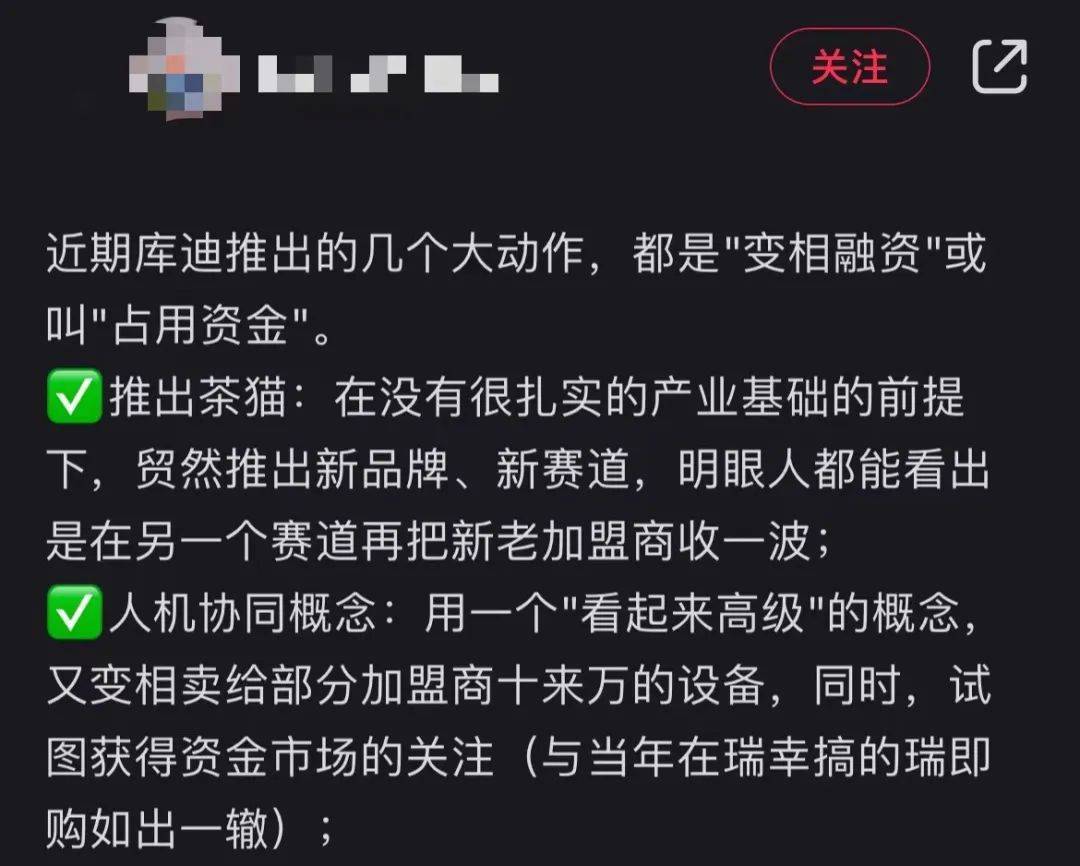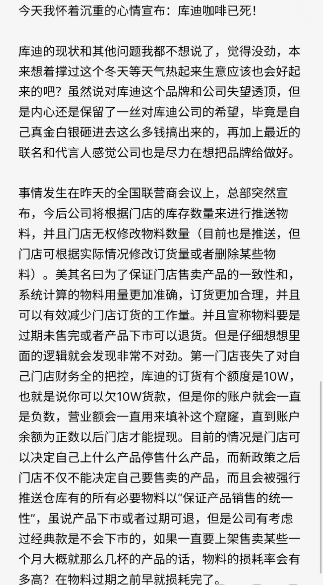 文丨前哨 出品丨牛刀财经(niudaocaijing) 过去的2023年,连锁咖啡行业已经开始进入高速发展阶段。 从单品牌门店的扩张来看,“壹览商业”数据显示,2023年,有13个连锁咖啡品牌完成了净增门店量为正,有10个品牌增速呈两位数增长,最为夸张的当属库迪咖啡,在一年内实现了门店从87家到7064家的爆发性增长。 不过,虽然库迪在过去的一年里以火箭速度扩张,但作为创始人的陆正耀依然还没有摆脱巨额债务。 ![]() (图源:天眼查) 近日,陆正耀又新增了一则被执行人信息,执行标的781.78万元,执行法院为北京市第三中级人民法院,并且此前,陆正耀多次成被执行人并被限制消费,根据【天眼查数据显示】,目前陆正耀共关联3则被执行人信息,被执行总金额超10.9亿元。 那么,巨债缠身的陆正耀,还能否靠库迪“咸鱼翻身”? 1、陆正耀的“翻身仗”不好打 短短一年能开出7000家店,库迪咖啡的“全联营”模式占了大部分原因。 在这种模式下,不收加盟费、品牌管理费等固定费用,只按照门店经营毛利收取服务费,自然能在前期吸引到了不少联营商入局。 那么一直标榜不收“加盟费”的库迪,真的是在让利联营商吗?其实不然。 根据公司合作协议,库迪总部会按照门店经营毛利收取服务费,毛利2-3万的部分收取10%服务费,毛利3-4万的部分收取15%服务费,毛利4-8万的部分收取25%服务费,毛利8万以上的部分收取30%服务费。 除了存量店抽佣外,库迪的收入来源还包括新店现金流、原材料供应链利润以及外部投资。 不过,一方面,不少库迪联营商仍深陷盈利“漩涡”,虽然有补贴,但是由于库迪原材料成本相对较高,单杯咖啡的毛利润大致为45%-50%,更何况一杯咖啡除了物料成本之外,还有铺租、人工、推广等支出,导致不少库迪联营商几乎是卖一杯,赔一杯。 另一方面,陆正耀曾为当年瑞幸财务造假事件的责任人,声誉受损很难再获融资,且在A股全面注册制之下加盟模式企业由于易向“类金融模式”演变,上市限制隐患增加,越发谨慎的投资机构现阶段显然并不会愿意冒着风险,给还没跑通盈利模型的库迪投钱。 盈利难且融资受阻,所以现阶段库迪的主要收入来源还是依赖于新店现金流和原材料供应链利润。 ![]() (图源:招商证券《咖啡行业深度报告:库迪VS瑞幸,9.9元价格战“鹿死谁手”》) 根据招商证券的测算,算上保证金、品牌授权费、设计费以及设备差价,库迪的新店现金流在10-15万之间;而库迪对原材料的加价一般在15%-20%的区间内,所以原材料供应链利润大约为0.7-0.8万/月/店。 有限的收入来源,很难负担已经将低价补贴常态化的库迪。招商证券调查数据显示,库迪对联营商的补贴大约是0.8-1万元/月/店,这项支出勉强能由原材料供应链利润覆盖。 但在联营商的补贴之外,还有1-1.5亿元每季度的营销费用,以及抖音分销费用、管理人员工资、供应链费用和研发费用等等。 如此计算下来,7000多家门店所带来的现金流,往大了算也只有10亿左右,刨除每个季度的营销费用,以及七七八八的其他支出,几乎所剩无几,陆老板不往里面贴钱就不错了,更遑论借库迪还清债务。 2、库迪咖啡走进“死胡同”? 2023本就颇为艰难,然而步入2024年,行业内卷再度加剧,库迪咖啡更是“疲态”尽显。 根据“餐饮老板内参”数据显示,库迪自去年九月开始,门店增长速度开始出现大幅放缓,上个月库迪的新增门店数甚至已经下滑至173家。 ![]() (图源:餐饮老板内参) 可想而知,100多家新增门店带来的增量资金,自然难以补贴存量的7000多家门店,更何况最近为了安抚联营商,库迪还宣布将加大补贴力度,对标瑞幸4块/杯的补贴,以3.5元/杯增加联营商信心,这也将进一步加重了库迪的现金流压力。 为了缓解现实困境,也为了实现“万店咖啡梦”,最近几个月,陆正耀也采取了一些新动作,但效果似乎都不太理想。 首先,在去年年底,陆正耀试图通过新面孔茶猫进军奶茶赛道。 可一边是比连锁咖啡更内卷的奶茶赛道,一边是“砸钱扩张-优惠补贴引流-占领市场-迅速上市- 涨价”毫无新意的老一套打法,再加上并未跑通的单店盈利模型,很难说服联营商跟注。 有业内人士在社交平台上公开吐槽,“在没有很扎实的产业基础的前提下,贸然推出新品牌,进入新赛道,明眼人都能看得出来是在另一个赛道再把新老加盟商收一波。” ![]() (图源:小红书) 其次,在年初,库迪又与顶流王一博合作,官宣了新代言,但积弊已深的供应链使得库迪也未能取得“1+1>2”的理想效果。 有的消费者反应的是王一博周边物料缺货严重,甚至出现了“中国龙杯子+甄嬛传杯套+王一博袋子”这样的混搭情况。 ![]() (图源:小红书) 事实上,早在王一博的联名活动尚未开启之前,就已经开始有联营商在内部群“忧心”订不到相关产品,可见联名周边缺货已是常态。 ![]() (图源:库迪联营商爆料) 另外,还有一部分消费者的吐槽则是集中在库迪对于联名周边的“敷衍”,毕竟不少冲着王一博去购买库迪的粉丝,内心都抱着对周边的期待,但“超薄的小卡”和“印刷差劲的包装袋”无疑给这部分消费者狠狠泼了一波冷水。 ![]() (图源:小红书) 热门产品频繁缺货,部分物料质量又不过关,库迪不成熟的供应链愈发难以遁形,这也使得即便是付出了高昂的代言费用,结果库迪并未能抓住新代言人带来的热度,反倒只进一步加重了现金流压力。 最后,眼看茶猫和新代言人的影响都只是“雷声大、
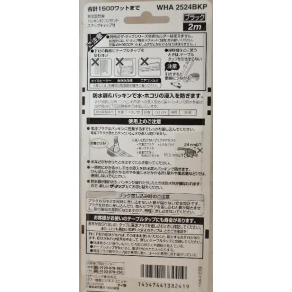 パナソニック 製品番 WHA2524BKP4個口2m タップ 黒安全設計扉 パッキン付コンセント スナップキャップ付合計 1500ワット まで
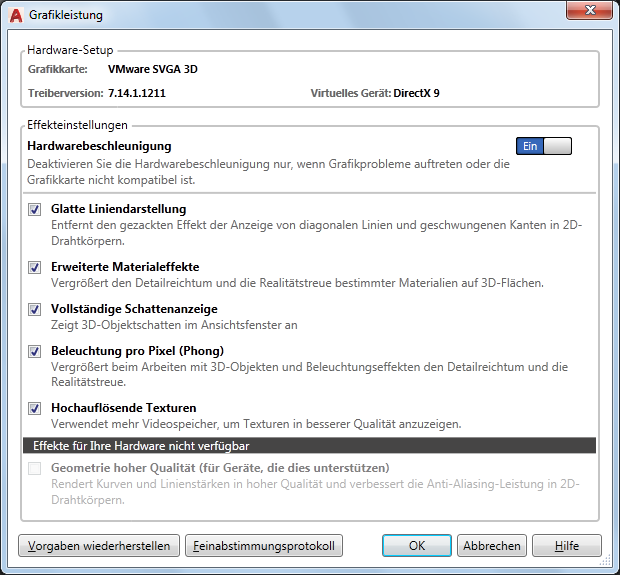- Aktiviert die Verwendung der Hardwarebeschleunigung und ermöglicht die Steuerung aller Effekteinstellungen, die für den aktuellen Treiber verfügbar sind. Bei Deaktivierung ist nur die Option Glatte Liniendarstellung aktiviert.
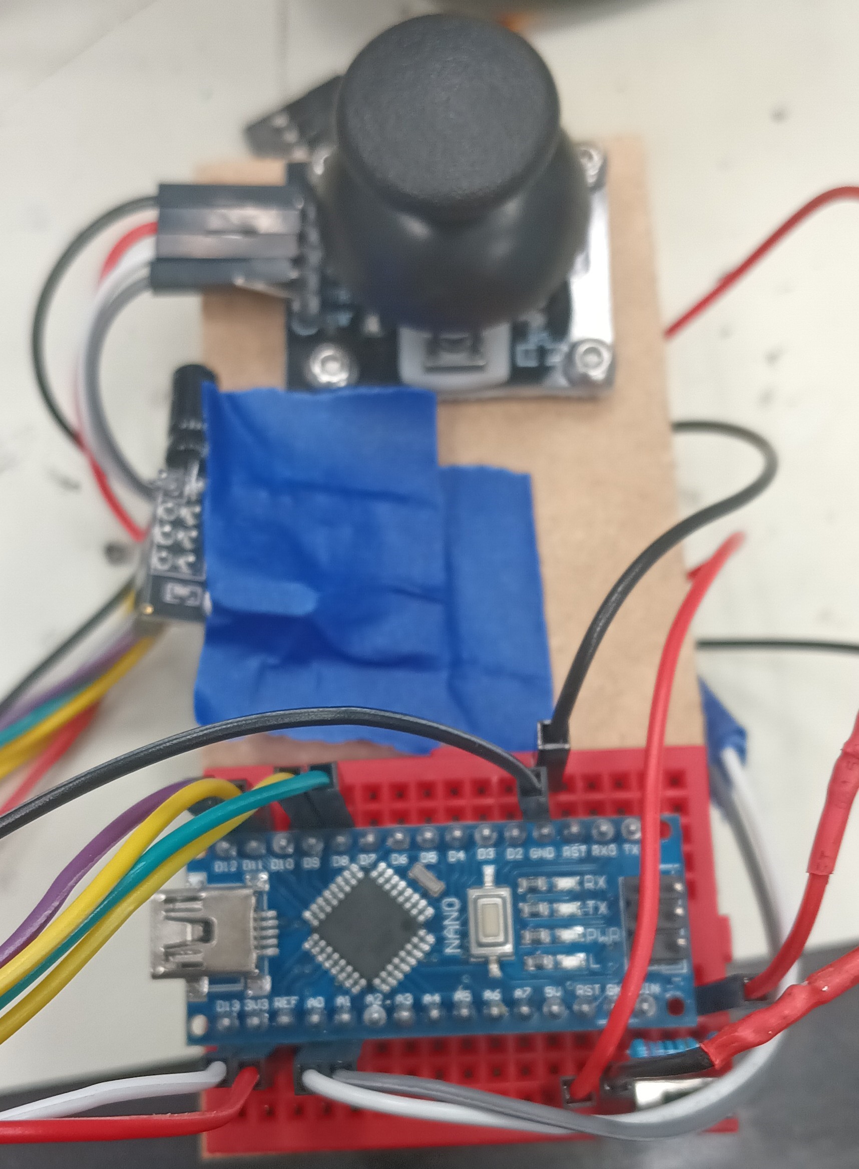 The Arduino Nano, the joystick module, the small breadboard, and the wireless module are all mounted on a small, rectangular board with the battery velcroed behind. The battery powers the Arduino Nano that contains the code to read the analog values of joystick based on its position, convert the values into bytes (integers 0-255), and transmit those values through the wireless module to be received by the wireless module of the Arduino Nano on the car chassis. With the switch, the remote can be turned on and off. The Arduino Uno on the car chassis processes the received values and based on them, commands the motor driver to power the wheels in a certain direction. For example, holding the joystick forward will move the car forwards, holding it backward moves the car backwards, and vice versa for turining left and right. The entire car chassis is also powered by a 9V battery.Progress
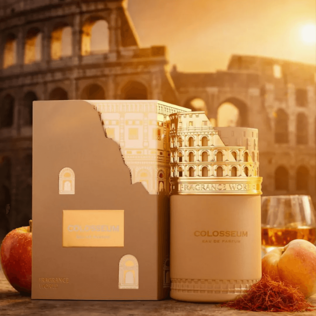 Colosseum van Fragrance World is een nieuwe oriëntaalse, houtachtige unisexgeur uit 2025. De geur opent met rum, saffraan, perzik en appel, gaat over in patchouli, vetiver en jasmijn, en eindigt met amber, sandelhout, vanille en tonkaboon.

________________________________________

[Try it]
Every line above between the one containing "パナソニック 製品番 WHA2524BKP4個口2m" and the one containing "- Aktiviert die", those two included, is to be printed exactly. No pictures go into the copy.

[Answer section]
 パナソニック 製品番 WHA2524BKP4個口2m タップ 黒安全設計扉 パッキン付コンセント スナップキャップ付合計 1500ワット まで
- Aktiviert die Verwendung der Hardwarebeschleunigung und ermöglicht die Steuerung aller Effekteinstellungen, die für den aktuellen Treiber verfügbar sind. Bei Deaktivierung ist nur die Option Glatte Liniendarstellung aktiviert.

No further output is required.